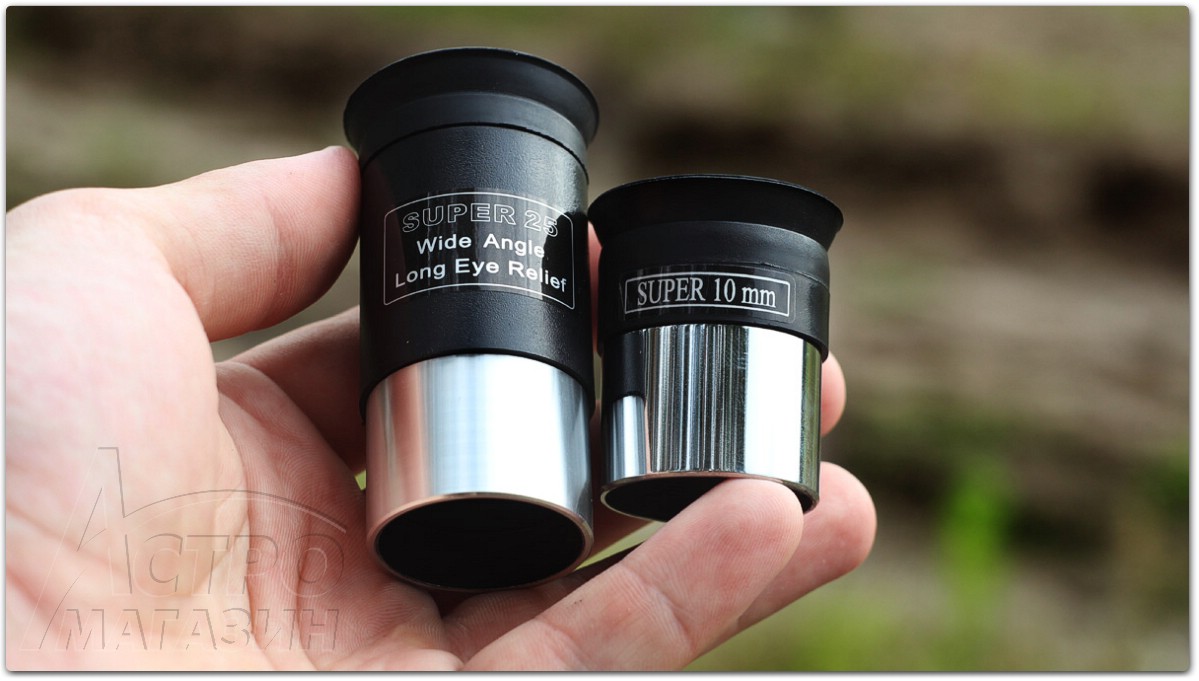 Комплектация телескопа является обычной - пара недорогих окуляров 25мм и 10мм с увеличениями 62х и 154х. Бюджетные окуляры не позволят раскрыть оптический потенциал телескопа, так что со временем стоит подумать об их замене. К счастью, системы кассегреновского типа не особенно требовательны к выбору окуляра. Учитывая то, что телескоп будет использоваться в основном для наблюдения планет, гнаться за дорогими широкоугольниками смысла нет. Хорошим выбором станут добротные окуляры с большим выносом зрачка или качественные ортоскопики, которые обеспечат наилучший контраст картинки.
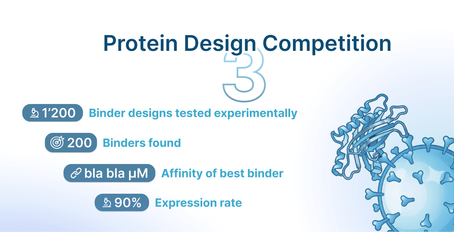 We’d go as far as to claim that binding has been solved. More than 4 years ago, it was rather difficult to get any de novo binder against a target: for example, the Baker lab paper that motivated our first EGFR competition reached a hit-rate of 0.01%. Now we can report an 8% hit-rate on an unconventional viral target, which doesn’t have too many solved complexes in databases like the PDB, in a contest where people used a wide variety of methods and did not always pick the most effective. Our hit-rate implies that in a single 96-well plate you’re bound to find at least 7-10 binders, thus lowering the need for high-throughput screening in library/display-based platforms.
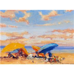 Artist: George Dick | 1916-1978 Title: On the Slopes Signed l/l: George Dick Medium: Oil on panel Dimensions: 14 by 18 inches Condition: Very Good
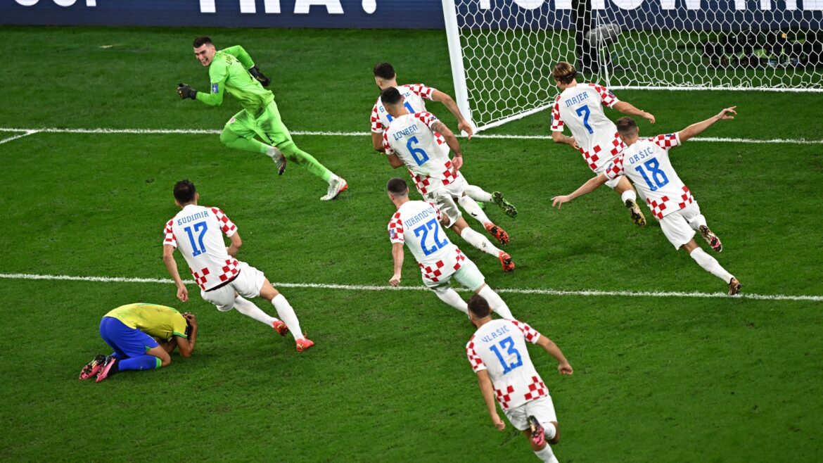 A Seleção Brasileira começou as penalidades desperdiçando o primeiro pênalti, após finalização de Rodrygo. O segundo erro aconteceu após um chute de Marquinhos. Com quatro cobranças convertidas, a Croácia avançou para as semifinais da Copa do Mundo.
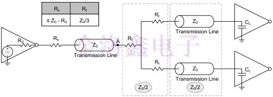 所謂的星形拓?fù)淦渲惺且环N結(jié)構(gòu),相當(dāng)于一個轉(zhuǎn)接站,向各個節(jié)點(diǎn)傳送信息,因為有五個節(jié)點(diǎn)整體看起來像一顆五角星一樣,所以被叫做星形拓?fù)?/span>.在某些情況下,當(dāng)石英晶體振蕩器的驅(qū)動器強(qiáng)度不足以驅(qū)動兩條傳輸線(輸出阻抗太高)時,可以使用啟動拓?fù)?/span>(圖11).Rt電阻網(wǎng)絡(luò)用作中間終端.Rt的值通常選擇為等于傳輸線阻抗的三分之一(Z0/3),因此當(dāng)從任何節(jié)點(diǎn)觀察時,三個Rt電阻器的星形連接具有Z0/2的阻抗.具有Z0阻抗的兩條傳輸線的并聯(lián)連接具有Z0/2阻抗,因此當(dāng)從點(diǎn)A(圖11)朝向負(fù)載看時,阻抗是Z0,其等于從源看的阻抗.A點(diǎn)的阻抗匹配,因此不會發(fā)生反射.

...

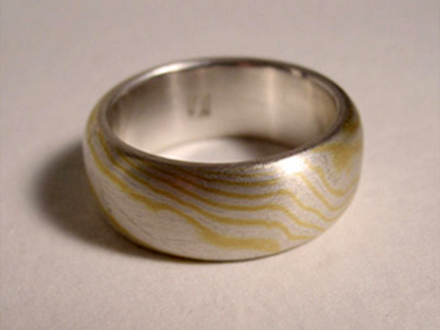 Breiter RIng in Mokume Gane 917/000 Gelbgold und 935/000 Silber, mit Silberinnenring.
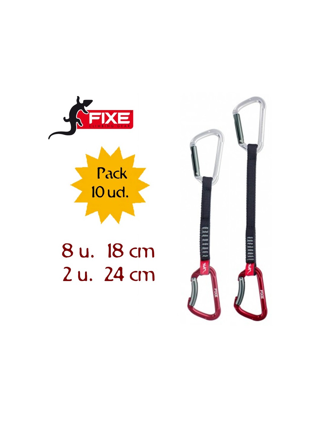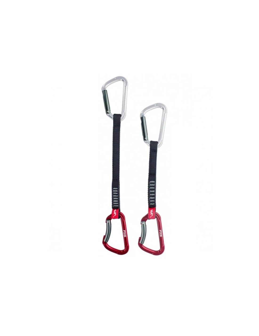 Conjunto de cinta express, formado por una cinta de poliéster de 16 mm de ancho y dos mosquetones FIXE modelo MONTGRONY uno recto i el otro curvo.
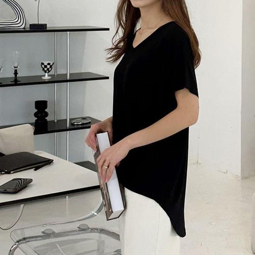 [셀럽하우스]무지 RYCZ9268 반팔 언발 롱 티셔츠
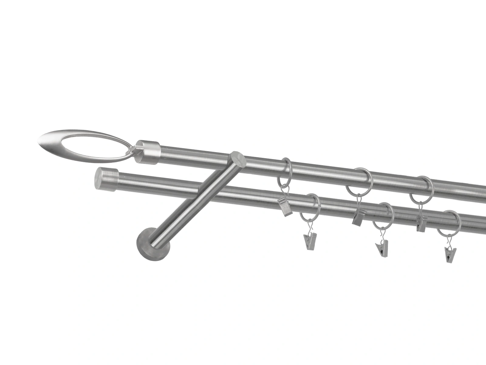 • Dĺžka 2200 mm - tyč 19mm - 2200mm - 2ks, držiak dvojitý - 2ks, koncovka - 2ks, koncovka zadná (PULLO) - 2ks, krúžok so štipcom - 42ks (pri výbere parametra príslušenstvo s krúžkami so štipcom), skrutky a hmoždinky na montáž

→ Task to carry out
The lines to copy exactly start with the line above that has "Conjunto de cinta" and go on through the line that has "hmoždinky na montáž"; please include both, add nothing else, and omit the pictures.

→ Response box
 Conjunto de cinta express, formado por una cinta de poliéster de 16 mm de ancho y dos mosquetones FIXE modelo MONTGRONY uno recto i el otro curvo.
 [셀럽하우스]무지 RYCZ9268 반팔 언발 롱 티셔츠
 • Dĺžka 2200 mm - tyč 19mm - 2200mm - 2ks, držiak dvojitý - 2ks, koncovka - 2ks, koncovka zadná (PULLO) - 2ks, krúžok so štipcom - 42ks (pri výbere parametra príslušenstvo s krúžkami so štipcom), skrutky a hmoždinky na montáž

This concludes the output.